To collectively show actual and pretend photographs:

```
for (i in lessons) {
real_images <- train_ds %>%
dataset_filter(
perform(document) document$label == tf$solid(i, tf$int64)
) %>%
dataset_take(8) %>%
dataset_batch(8)
it <- as_iterator(real_images)
real_images <- iter_next(it)
real_images <- real_images$picture %>% as.array()
real_images <- real_images[ , , , 1]/255
generated_images <- dist %>% tfd_sample(8, conditional_input = i)
generated_images <- generated_images %>% as.array()
generated_images <- generated_images[ , , , 1]/255
photographs <- abind::abind(real_images, generated_images, alongside = 1)
png(paste0("draw_", i, ".png"), width = 8 * 28 * 10, peak = 2 * 28 * 10)
par(mfrow = c(2, 8), mar = c(0, 0, 0, 0))
photographs %>%
purrr::array_tree(1) %>%
purrr::map(as.raster) %>%
purrr::iwalk(plot)
dev.off()
}
```

From our twenty lessons, right here’s a alternative of six, every displaying actual drawings within the high row, and pretend ones under.

We most likely wouldn’t confuse the primary and second rows, however then, the precise human drawings exhibit monumental variation, too.

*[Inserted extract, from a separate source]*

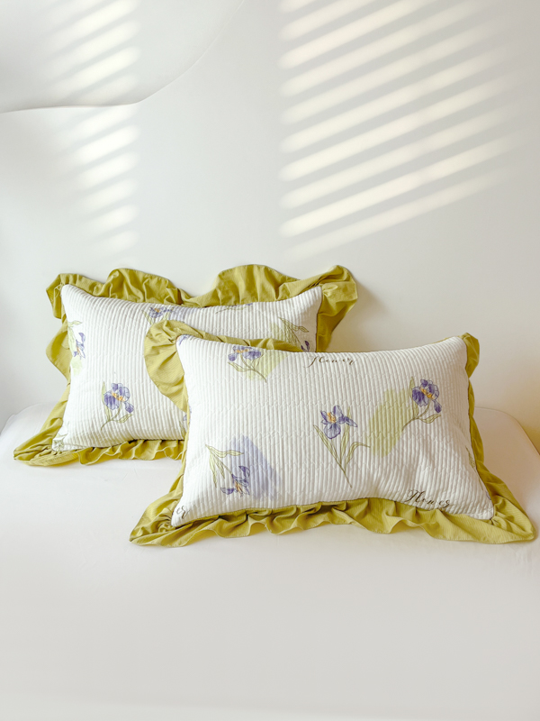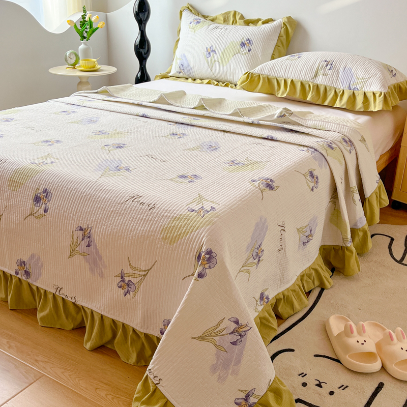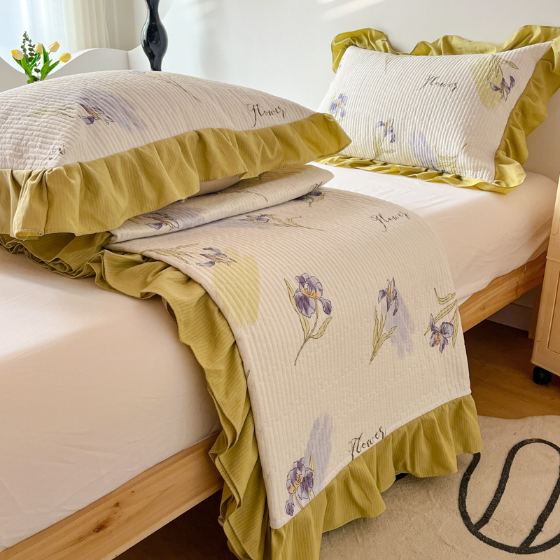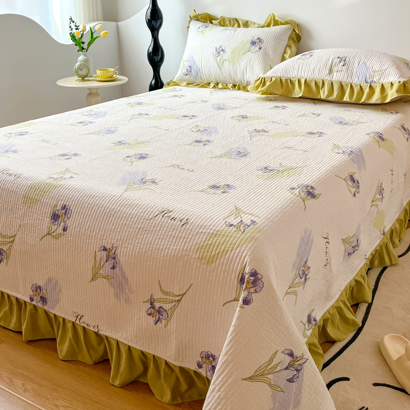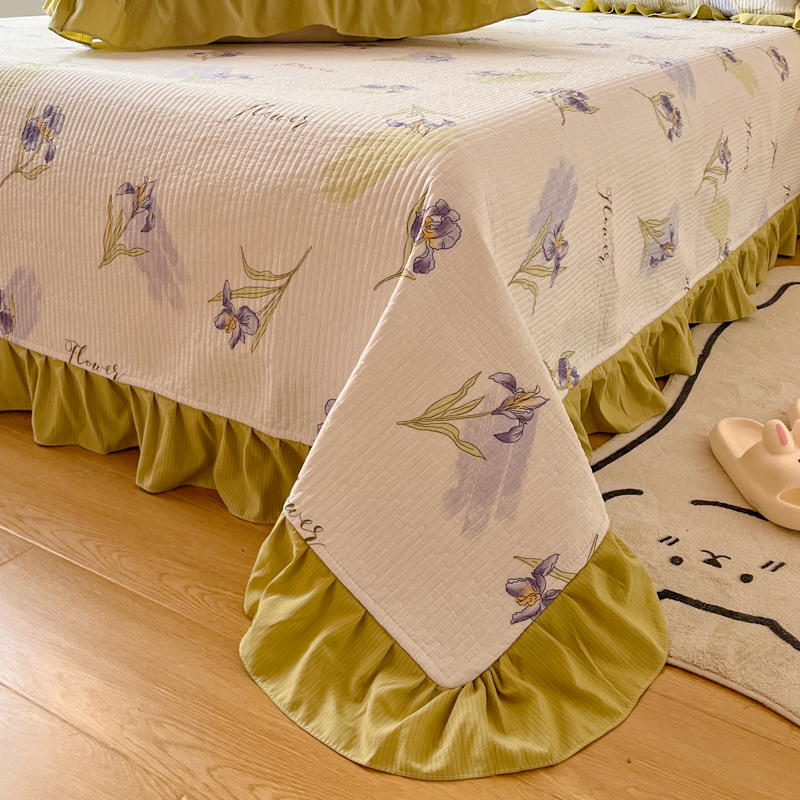 子曰 2024新款印花素色花边床盖三件套四件套 君子兰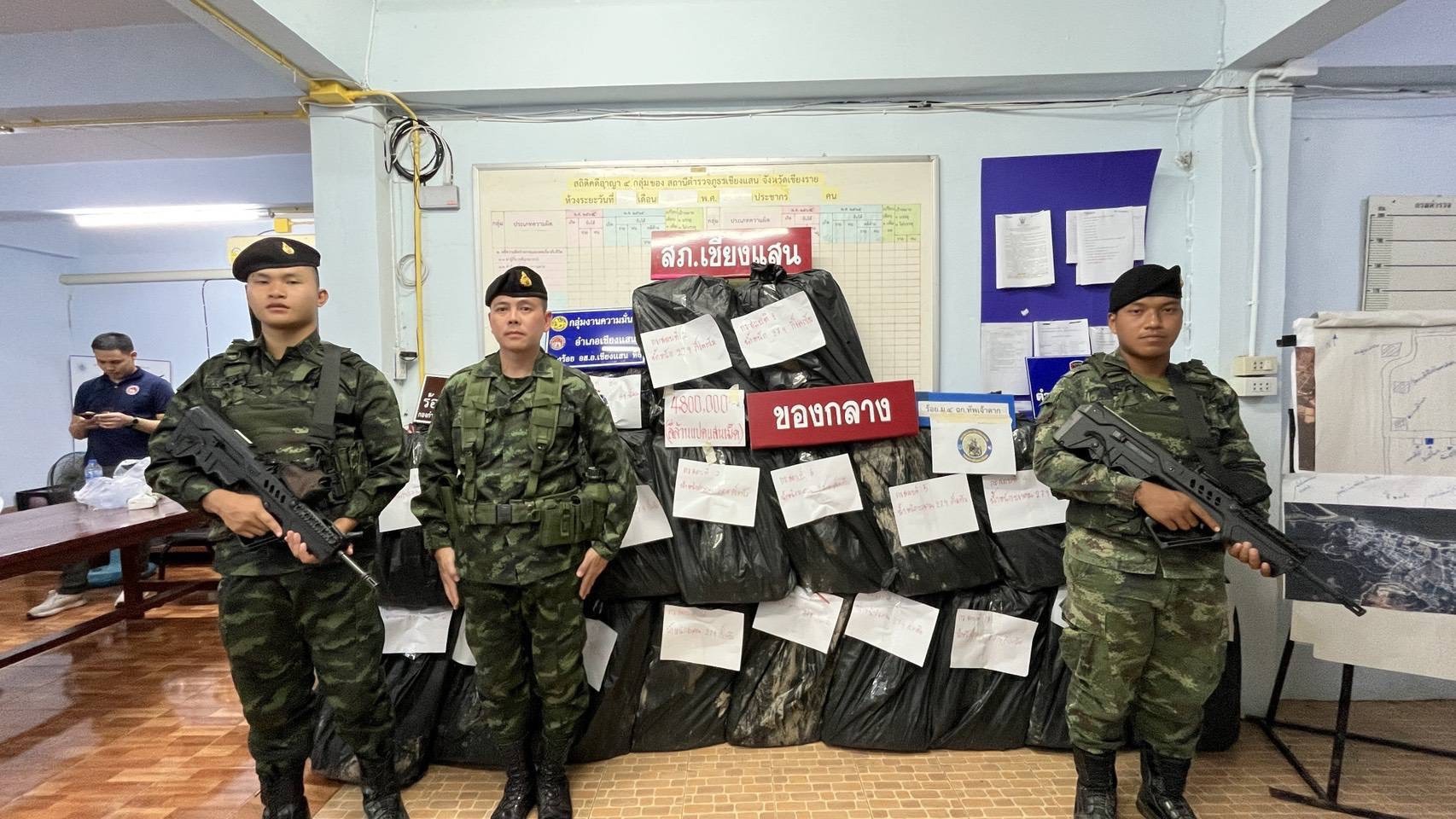 เจ้าหน้าที่ตำรวจจึงเข้าตรวจสอบรถพบมีกระสอบฟางวางอยู่ที่บรรทุกท้ายรถและในเบาะนั่งในรถพบมีจำนวน 20 ใบ ภายในมีของกลางยาบ้าทั้งหมด 4,800,000 เม็ดดังกล่าวจึงนำส่งพนักงานสอบสวน สภ.เชียงแสน เพื่อดำเนินการตรวจกฎหมายต่อไป.

And nobody ever mentioned PixelCNN was an structure for idea studying. Be at liberty to mess around with different datasets of your

alternative – TFP’s PixelCNN distribution makes it straightforward.

## Wrapping up

On this publish, we had `tfprobability`

/ TFP do all of the heavy lifting for us, and so, may concentrate on the underlying ideas.

Relying in your inclinations, this may be a perfect scenario – you don’t lose sight of the forest for the bushes. On the

different hand: Do you have to discover that altering the supplied parameters doesn’t obtain what you need, you might have a reference

implementation to start out from. So regardless of the consequence, the addition of such higher-level performance to TFP is a win for the

customers. (Should you’re a TFP developer studying this: Sure, we’d like extra :-)).

To everybody although, thanks for studying!

*CoRR*abs/1601.06759. http://arxiv.org/abs/1601.06759.

*CoRR*abs/1606.05328. http://arxiv.org/abs/1606.05328.

Salimans, Tim, Andrej Karpathy, Xi Chen, and Diederik P. Kingma. 2017. “PixelCNN++: A PixelCNN Implementation with Discretized Logistic Combination Probability and Different Modifications.” In *ICLR*.